11. Out of Africa (1985)

Meryl Streep.  Robert Redford.  In the same movie.  I promise, I’ve seen SOME movies.

 

10. Annie Hall (1977)

The ultimate Woody Allen.  Ranked #4 in AFI’s 100 Laughs series.  Won the Oscar for Best Picture, Director, Actress, and Screenplay. This is a bad caption.

9. Sophie’s Choice (1982)

In case I haven’t made this clear, Meryl Streep is my favorite modern actress.  Someday I’ll do a post especially for her because I just love her so (and I’m still pulling for another Oscar!)  Sophie’s Choice won Meryl her Best Actress Academy Award and is, perhaps, her best film to date.  Or so I’m told.

 

 

8. Die Hard (1988)

Seriously?  I haven’t seen DIE HARD? Yeah, I know.  I suck.  I lurve Alan Rickman too, so it’s really a shame I haven’t seen it.

7. The Graduate (1967)

“Mrs. Robinson you’re trying to seduce me… aren’t you?”  Basically I already love this movie.  And I knoow I love Dustin Hoffman.  But, all I really know of it is Anne  Bancroft’s sexy legs.

 

6. One Flew Over the Cuckoo’s Nest (1975)

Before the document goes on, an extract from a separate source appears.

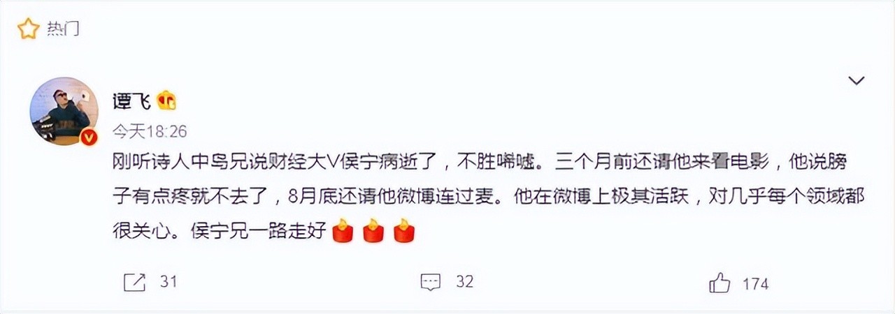 陪伴过很多投资者成长的大V侯宁,去世了。
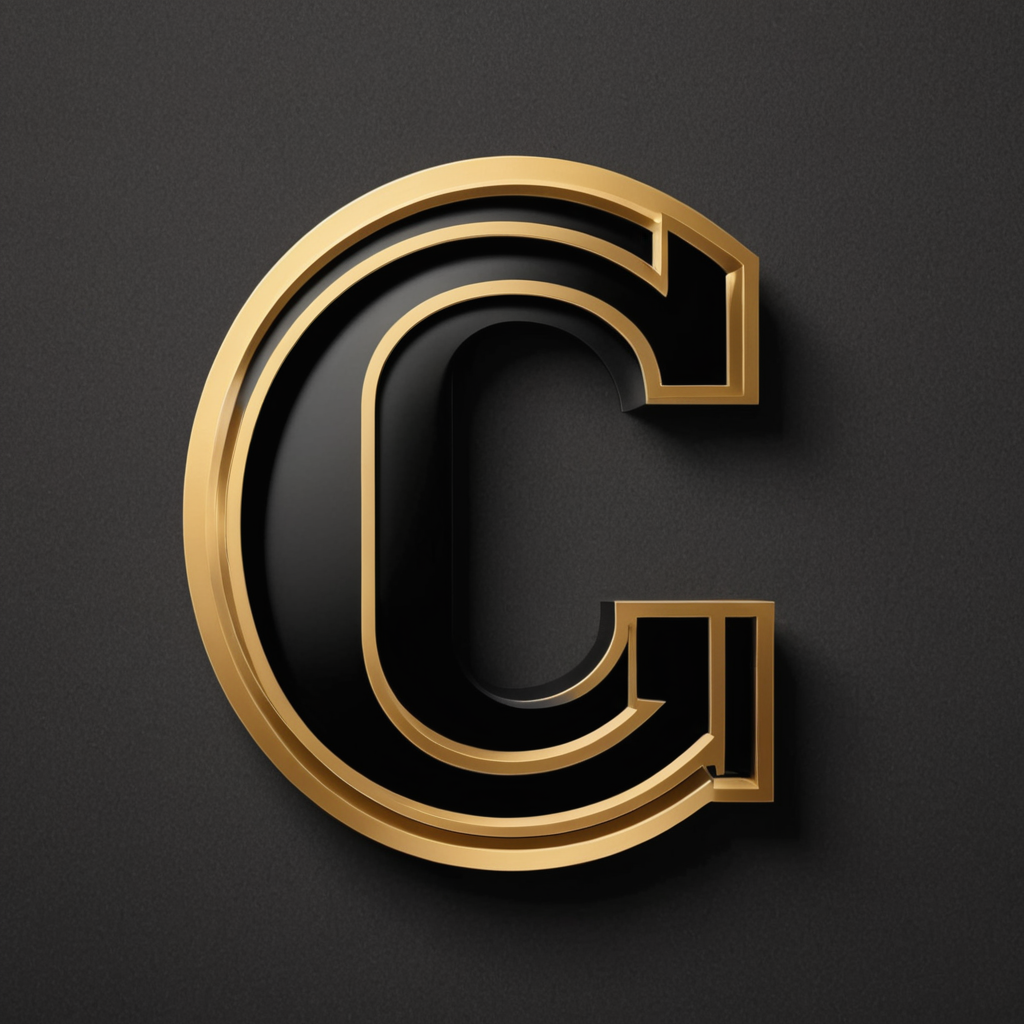 شعار ‏مطبعة إعلانات ضوئية  مع حرف G CNCبألوان الذهبي والأسود المطفي، تصميم عصري وفخم

Jack Nicholson in a mental institution?  1 of 3 movies to take home the big five Oscars?  Man, I gotta get me some of this action.

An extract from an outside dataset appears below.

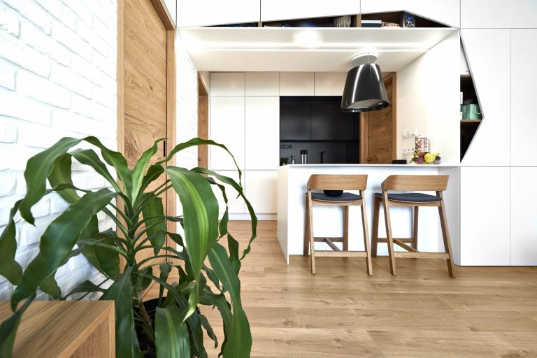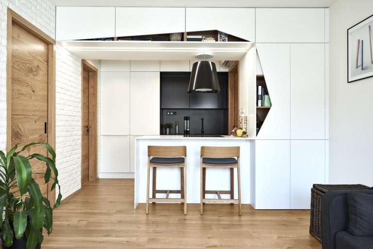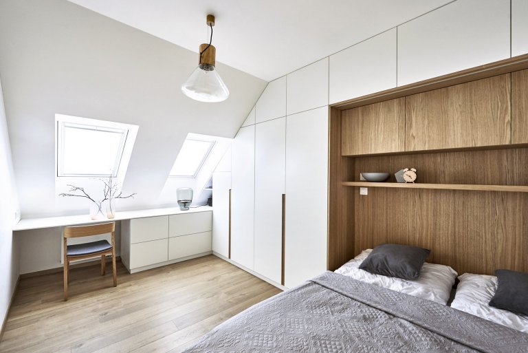 Z původní nevyužité půdy vzniklo úžasné bydlení, co do prostoru to není žádná výhra, ale i přesto má prostor své kouzlo. Byt byl zakoupen ve stavu shell and core. Z původních půdních prostor nově kolaudován na bytovou jednotku o skromné výměře 45m2. Jednalo se tedy o komplexní stavební rekonstrukci, která nám umožnila definovat každý detail bytu. Snažili jsme se co nejvíce zefektivnit malou metráž bytu.

5. Edward Scissorhands (1990)

One of Johnny Depp’s billions with Tim Burton.  Yeah, I can’t believe I haven’t seen this one either.  It’s totally my kind of movie.

 

4. The French Connection (1971)

The most famous chase scene of all-time.  One of my favorite actors, Gene Hackman.  Best Picture, Director, Screenplay, and Actor winner.  I cannot describe the anticipation I have to one day see this movie.

3. The Silence of the Lambs (1991)

Another Hopkins.  And (like Cuckoo) 1 of 3 to win the big five Oscars.  (In case you’re wondering, the other is It Happened One Night. I’ve seen that one!)

 

2. Citizen Kane (1941)

Wow, this is really getting embarrassing now.  I’m pretty sure I’ve previously lied to people about this one.  See, my family and I were going through the AFI 100 movies list and we just… didn’t make it that high!   I’ve sort of had this two year hiatus of serious movie-watching through this whole Tahiti excursion, and seeing as I don’t have as much access to what I want, this one has had to wait.

1. The Godfather (1971)

It’s a sin, I know, not to have seen this movie.  Forgive me.  I want nothing more than to repent, and quickly.

Yeah.  I know I suck.  There are many more great movies I haven’t seen (I won’t name them, however, or NO ONE will read this blog!)  but these are just the ones that I, personally, can’t believe I haven’t seen.  Now go ahead.  You may mock me all you want.